Diagnostic implication in RB

Today, if localized disease can be confirmed, RB may be treated conservatively to retain the child’s vision [3]. Therefore, initial staging aims to classify RB with respect to the predicted salvage rate of the eye with 13% of the enucleated group D eyes revealing high-risk histopathology [27, 28]. Therein, ON infiltration is a major risk factor for advanced disease with a 13% 5-year metastatic risk in patients with postlaminar ON involvement and a significant reduction in overall survival with ON infiltration depth [1, 2].

Therefore, pretreatment MRI is supposed to identify ON infiltration; however, diagnostic accuracy of MRI findings is known to be limited [5,6,7,8,9,10].

While the here-reported semiquantitative signal intensity ratio differences do not allow for calculation of a cut-off for discrimination between RB eyes with regard to ON infiltration, future studies might investigate direct imaging of the orbital GBCA distribution following intravenous injection, e.g., with heavily T2-weighted FLAIR MRI [29].

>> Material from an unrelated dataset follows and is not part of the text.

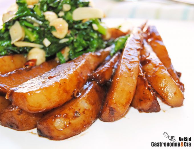 Quizá la primera vez que probéis esta receta de Nabos con miso y avellanas será ideal que se sirva como guarnición, puede acompañar muy bien carnes como el pollo, el lomo de cerdo, la butifarra fresca o también pescados, como el bacalao, la merluza e incluso el atún.

Remarkably, GBCA enhancement increased gradually with infiltration level and was greater in RB with postlaminar compared to a combined group of RB with either none or prelaminar ON infiltration (p = 0.06). This might be of diagnostic importance as the prognostic effect of the different ON infiltration levels remains unclear with some studies suggesting that the prognostic impact of ON infiltration might be confined to postlaminar involvement, but might not exist for prelaminar ON infiltration [1, 2].

Strengths and limitations of this study need to be acknowledged. An obvious strength of the study is the large patient cohort, the histopathology reference, and the high-resolution orbital MRI of RB as well as healthy eyes obtained with surface coils and identical sequence parameters in children under general anesthesia.

However, a final explanation for the here-introduced phenomenon cannot be concluded and the physiology of the interrelation between AC enhancement and ON infiltration remains uncertain.

Furthermore, disturbance of retinal homeostasis with consecutive neovascularization of the iris might be caused by impeded arterial perfusion / venous drainage due to affection of the central vein or artery by the tumor. However, histologic assessment revealed vascular infiltration in only two RB eyes, both of them with low ∆SIR and only one with (prelaminar) optic infiltration.

In conclusion, this study revealed a surprising link between GBCA enhancement in the anterior eye chamber and optic nerve infiltration by the retinoblastoma, which might be explained by orbital glymphatic dysfunction and serves as an example of how cerebral GBCA excretion adds diagnostic information on neurological pathologies.